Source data
::::

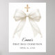 A large ivory colored bow with pearls and a golden cross as decoration. Personalize and add her name and the date,
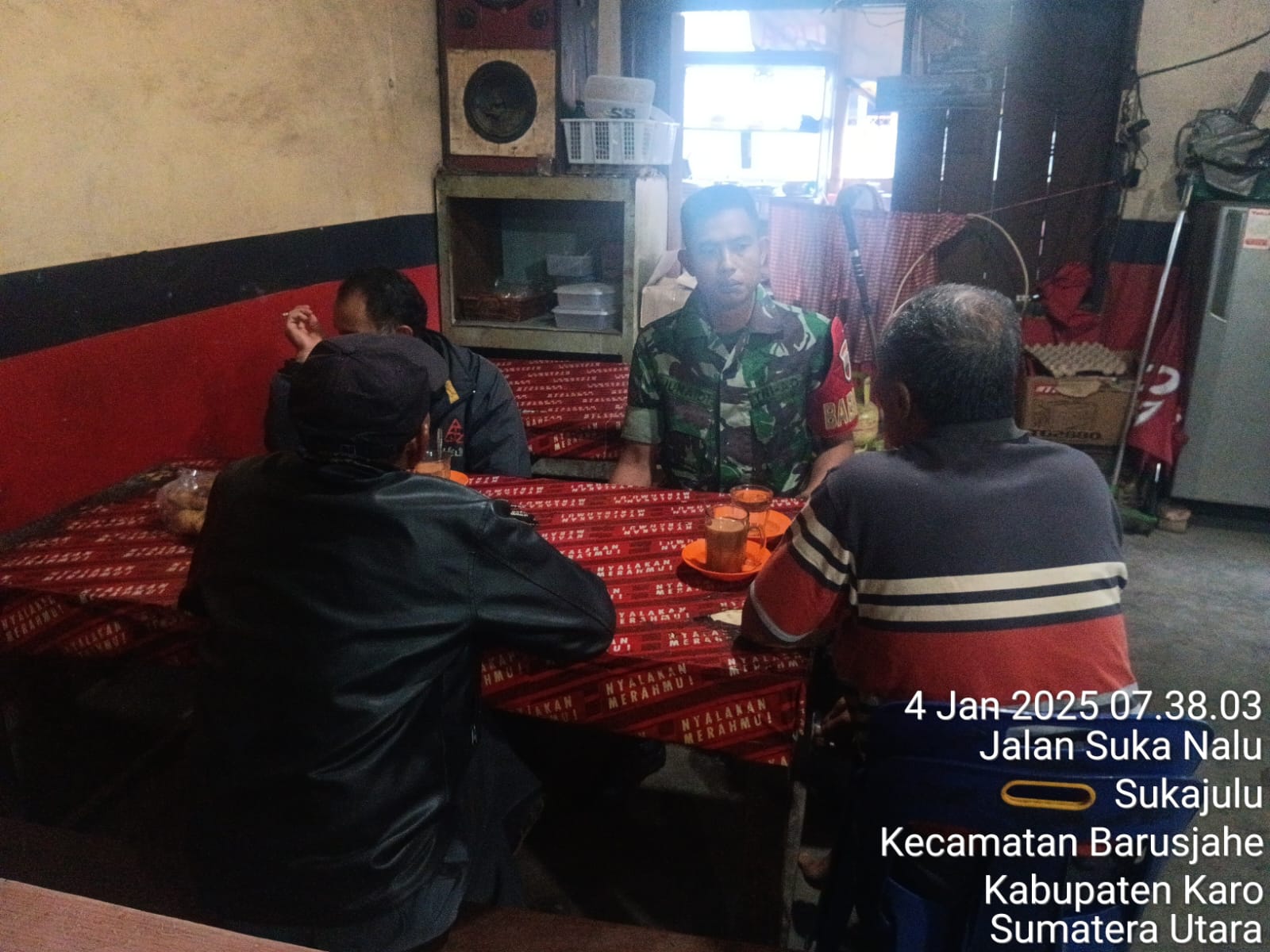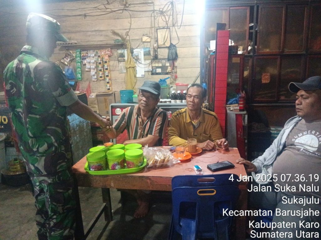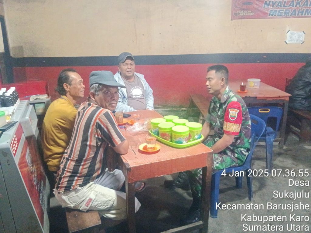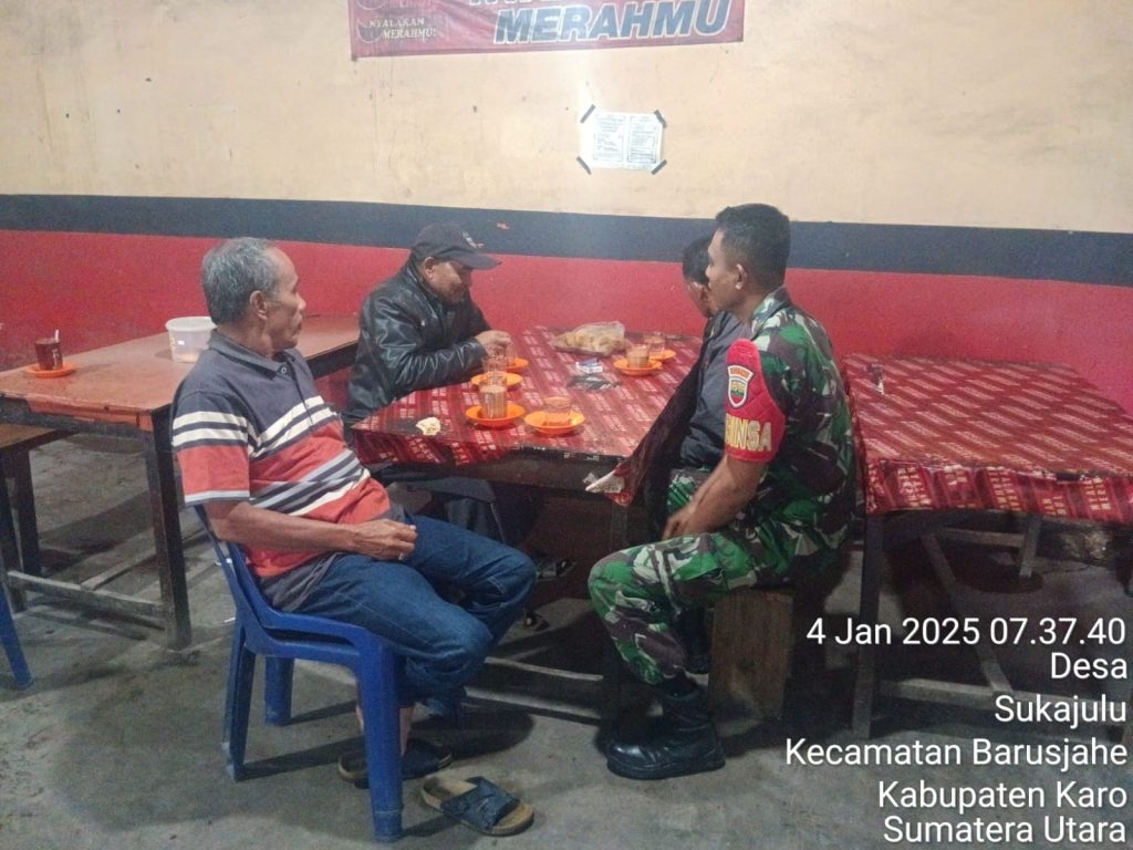 Tanah Karo. Sabtu 04/01/2025. Dalam rangka kegiatan Komsos (Komunikasi Sosial) Koptu Junaidi sebagai Babinsa di Koramil 01/Barusjahe jajaran Kodim 0205/Tanah Karo mempererat silaturahmi unttuk menjaga kedekatan dan kebersamaan dengan masyarakat warga wilayah binaan kegiatan inipun untuk Kemanunggalan antara TNI dengan Rakyat, kegiatan bertempat di Kedai Kopi Bapak Karo-karo Sitepu yang berada di jalan Gotong Royong Desa Sukajulu Kecamatan Barusjahe Kabupaten Karo-Sumatera Utara (04/01).
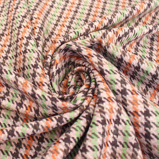 From designer deadstock and made in Italy, this is a beautiful, medium weight wool blend with a lovely houndstooth pattern in a unique color palette. It is opaque, stable, soft and malleable with some body in the drape. A classic style in an excellent designer quality. The yarn-dyed houndstooth design has a 1.75" pattern repeat featuring green, orange, chocolate brown, and a taupey pink. It looks the same on both sides and does not require lining. If you decide to go with an unlined style, reference Kathryn's wonderful tutorial for tips on binding edges HERE. It is the perfect choice for a great many projects including a suiting, coating, lightweight jacket, dress, skirt, trousers, etc. Machine or hand wash cool and lay flat to dry (please test first)
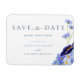 Salve a data com estilo elegante com arte exclusiva de aquarela de flores silvestres pintadas à mão e bela tipografia que é fácil de personalizar com os nomes do noivo e da noiva e a data do casamento. Cartão moderno de "salve a data" de casamento com aquarela de flores silvestres para um casamento boho floral de verão. Flores únicas de prado, incluindo centáureas, papoulas, cosmos e miosótis com folhagem delicada pintadas pela artista Catherine Sweetman em tons de azul centáurea, azul-bege, azul-marinho, roxo e verde. Ideal para o jardim botânico ou casamento ao ar livre na primavera ou no jardim de verão no prado. Encontre itens correspondentes na suíte de casamento moderna de flores silvestres azuis.
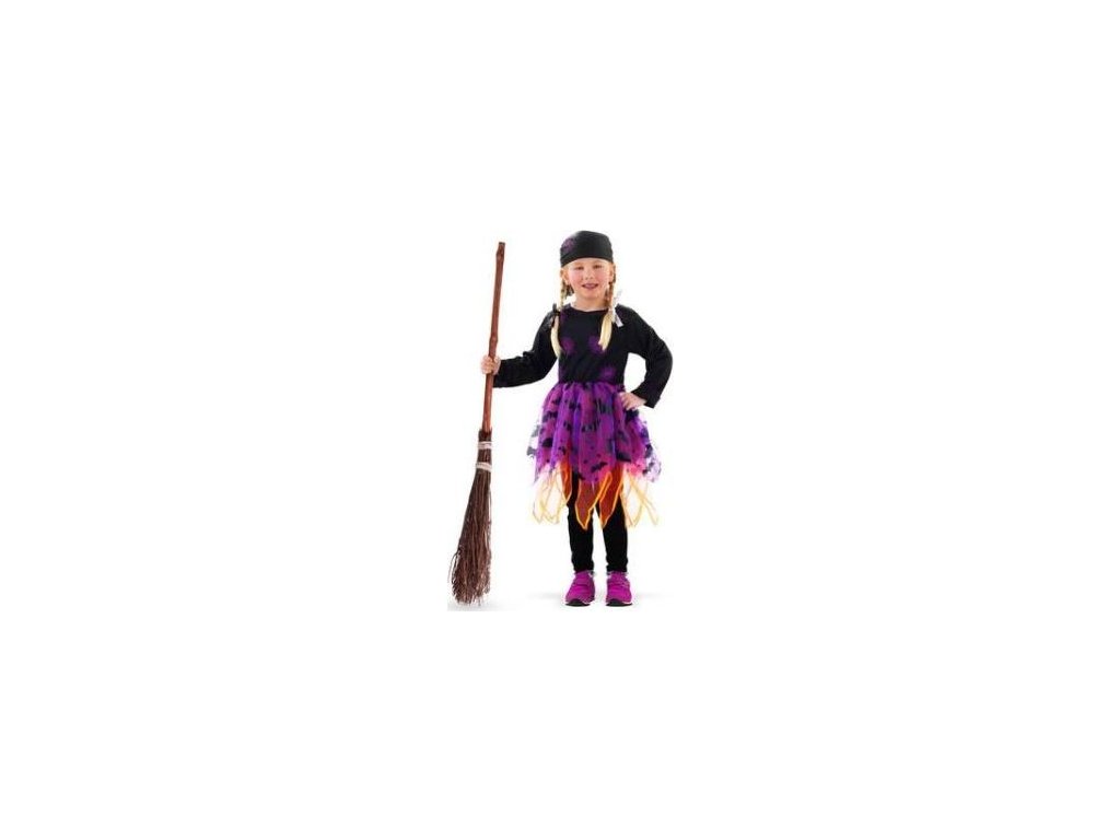 Dětský karnevalový kostým čarodějnice v černo-fialovém provedení, zdobený pavučinkou s netopýry. Ve velikosti S je určen pro holčičky ve věkovém rozmezí 3-5 let (98-116 cm). Součástí balení jsou šaty a šátek.
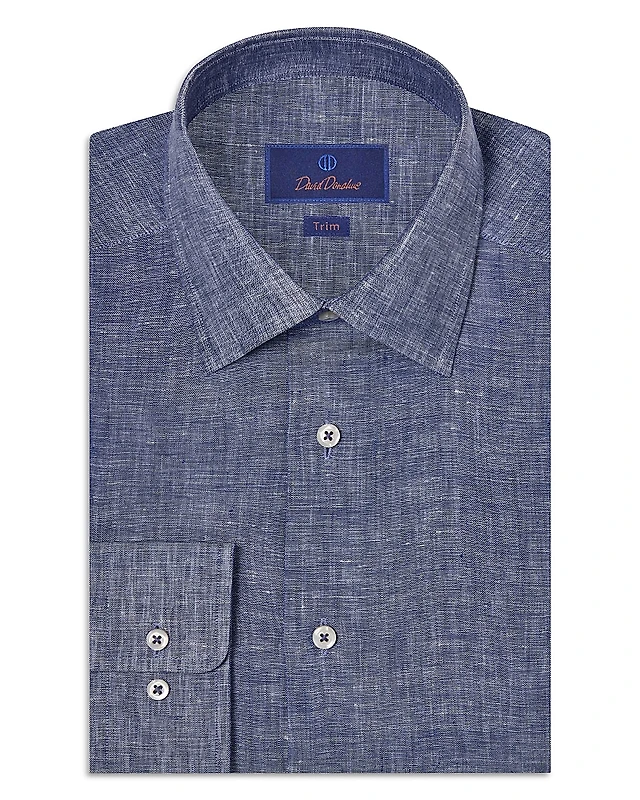 David Donahue Trim Fit Linen Solid Dress Shirt
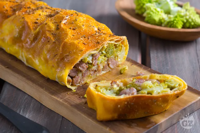 La salsiccia, speziata e succulenta, dialoga con il tocco aromatico del timo e la freschezza dei semi di finocchio, creando un equilibrio tra rusticità e finezza. Perfetto per una tavola conviviale, questo strudel conquista come piatto unico d'impatto, ideale per trasformare una cena tra amici o un pranzo familiare in un momento di autentico piacere, dove ogni fetta racconta la storia dei suoi ingredienti.
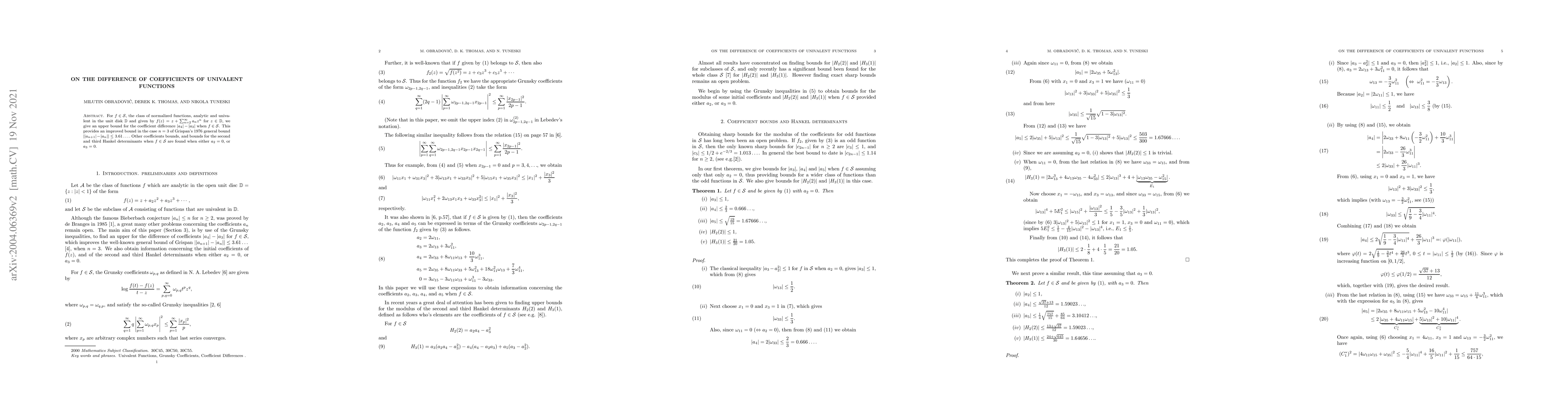 For $f\in \mathcal{S}$, the class of normalized functions, analytic and univalent in the unit disk $\mathbb{D}$ and given by $f(z)=z+\sum_{n=2}^{\infty} a_n z^n$ for $z\in \mathbb{D}$, we give an upper bound for the coefficient difference $|a_4|-|a_3|$ when $f\in \mathcal{S}$. This provides an improved bound in the case $n=3$ of Grispan's 1976 general bound $||a_{n+1}|-|a_n||\le 3.61\dots .$ Other coefficients bounds, and bounds for the second and third Hankel determinants when $f\in \mathcal{S}$ are found when either $a_2=0,$ or $a_3=0$.
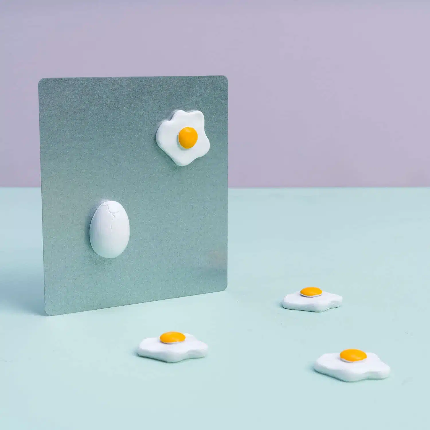 Von nun an werden Sie nie mehr vergessen, Eier zu kaufen. Ihr Kühlschrank ist voll davon. Mit den Egg-Magneten (5er-Set) von Trendform lässt sich eine Einkaufsliste oder eine Kinderzeichnung spielerisch aufhängen. Das Set enthält ein ganzes Ei mit aufgebrochener Schale und vier Spiegeleier. Perfekt für die Küche, aber auch an anderen Orten super lustig.
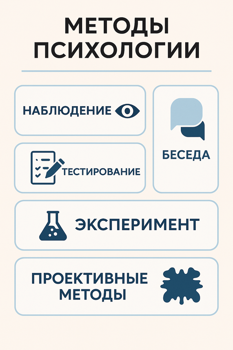 Психология — это наука о поведении, сознании и внутреннем мире человека. Чтобы изучать столь сложные явления, психология разработала целый арсенал методов. Каждый из них имеет свою цель, область применения и ограничения. В этой статье рассмотрим основные методы психологического исследования: от классических наблюдений до экспериментальных и проективных техник. Классификация методов психологии Все методы психологии можно условно разделить на три группы: Основные эмпирические методы 1. Наблюдение Это один из самых древних и фундаментальных методов. Психолог фиксирует поведение человека в естественных или специально созданных условиях. Плюсы: – ненавязчивость; – возможность изучения реального поведения. Минусы: – субъективность; – отсутствие контроля над ситуацией. Пример: наблюдение за поведением ребёнка в группе сверстников. 2. Беседа Целенаправленное общение между психологом и клиентом (или испытуемым), где задаются вопросы, уточняются детали и строится по

::::

- **Task instructions**: The result should be a word-for-word restatement of all the data, without images.

- **Answer section**:
 A large ivory colored bow with pearls and a golden cross as decoration. Personalize and add her name and the date,
 Tanah Karo. Sabtu 04/01/2025. Dalam rangka kegiatan Komsos (Komunikasi Sosial) Koptu Junaidi sebagai Babinsa di Koramil 01/Barusjahe jajaran Kodim 0205/Tanah Karo mempererat silaturahmi unttuk menjaga kedekatan dan kebersamaan dengan masyarakat warga wilayah binaan kegiatan inipun untuk Kemanunggalan antara TNI dengan Rakyat, kegiatan bertempat di Kedai Kopi Bapak Karo-karo Sitepu yang berada di jalan Gotong Royong Desa Sukajulu Kecamatan Barusjahe Kabupaten Karo-Sumatera Utara (04/01).
 From designer deadstock and made in Italy, this is a beautiful, medium weight wool blend with a lovely houndstooth pattern in a unique color palette. It is opaque, stable, soft and malleable with some body in the drape. A classic style in an excellent designer quality. The yarn-dyed houndstooth design has a 1.75" pattern repeat featuring green, orange, chocolate brown, and a taupey pink. It looks the same on both sides and does not require lining. If you decide to go with an unlined style, reference Kathryn's wonderful tutorial for tips on binding edges HERE. It is the perfect choice for a great many projects including a suiting, coating, lightweight jacket, dress, skirt, trousers, etc. Machine or hand wash cool and lay flat to dry (please test first)
 Salve a data com estilo elegante com arte exclusiva de aquarela de flores silvestres pintadas à mão e bela tipografia que é fácil de personalizar com os nomes do noivo e da noiva e a data do casamento. Cartão moderno de "salve a data" de casamento com aquarela de flores silvestres para um casamento boho floral de verão. Flores únicas de prado, incluindo centáureas, papoulas, cosmos e miosótis com folhagem delicada pintadas pela artista Catherine Sweetman em tons de azul centáurea, azul-bege, azul-marinho, roxo e verde. Ideal para o jardim botânico ou casamento ao ar livre na primavera ou no jardim de verão no prado. Encontre itens correspondentes na suíte de casamento moderna de flores silvestres azuis.
 Dětský karnevalový kostým čarodějnice v černo-fialovém provedení, zdobený pavučinkou s netopýry. Ve velikosti S je určen pro holčičky ve věkovém rozmezí 3-5 let (98-116 cm). Součástí balení jsou šaty a šátek.
 David Donahue Trim Fit Linen Solid Dress Shirt
 La salsiccia, speziata e succulenta, dialoga con il tocco aromatico del timo e la freschezza dei semi di finocchio, creando un equilibrio tra rusticità e finezza. Perfetto per una tavola conviviale, questo strudel conquista come piatto unico d'impatto, ideale per trasformare una cena tra amici o un pranzo familiare in un momento di autentico piacere, dove ogni fetta racconta la storia dei suoi ingredienti.
 For $f\in \mathcal{S}$, the class of normalized functions, analytic and univalent in the unit disk $\mathbb{D}$ and given by $f(z)=z+\sum_{n=2}^{\infty} a_n z^n$ for $z\in \mathbb{D}$, we give an upper bound for the coefficient difference $|a_4|-|a_3|$ when $f\in \mathcal{S}$. This provides an improved bound in the case $n=3$ of Grispan's 1976 general bound $||a_{n+1}|-|a_n||\le 3.61\dots .$ Other coefficients bounds, and bounds for the second and third Hankel determinants when $f\in \mathcal{S}$ are found when either $a_2=0,$ or $a_3=0$.
 Von nun an werden Sie nie mehr vergessen, Eier zu kaufen. Ihr Kühlschrank ist voll davon. Mit den Egg-Magneten (5er-Set) von Trendform lässt sich eine Einkaufsliste oder eine Kinderzeichnung spielerisch aufhängen. Das Set enthält ein ganzes Ei mit aufgebrochener Schale und vier Spiegeleier. Perfekt für die Küche, aber auch an anderen Orten super lustig.
 Психология — это наука о поведении, сознании и внутреннем мире человека. Чтобы изучать столь сложные явления, психология разработала целый арсенал методов. Каждый из них имеет свою цель, область применения и ограничения. В этой статье рассмотрим основные методы психологического исследования: от классических наблюдений до экспериментальных и проективных техник. Классификация методов психологии Все методы психологии можно условно разделить на три группы: Основные эмпирические методы 1. Наблюдение Это один из самых древних и фундаментальных методов. Психолог фиксирует поведение человека в естественных или специально созданных условиях. Плюсы: – ненавязчивость; – возможность изучения реального поведения. Минусы: – субъективность; – отсутствие контроля над ситуацией. Пример: наблюдение за поведением ребёнка в группе сверстников. 2. Беседа Целенаправленное общение между психологом и клиентом (или испытуемым), где задаются вопросы, уточняются детали и строится по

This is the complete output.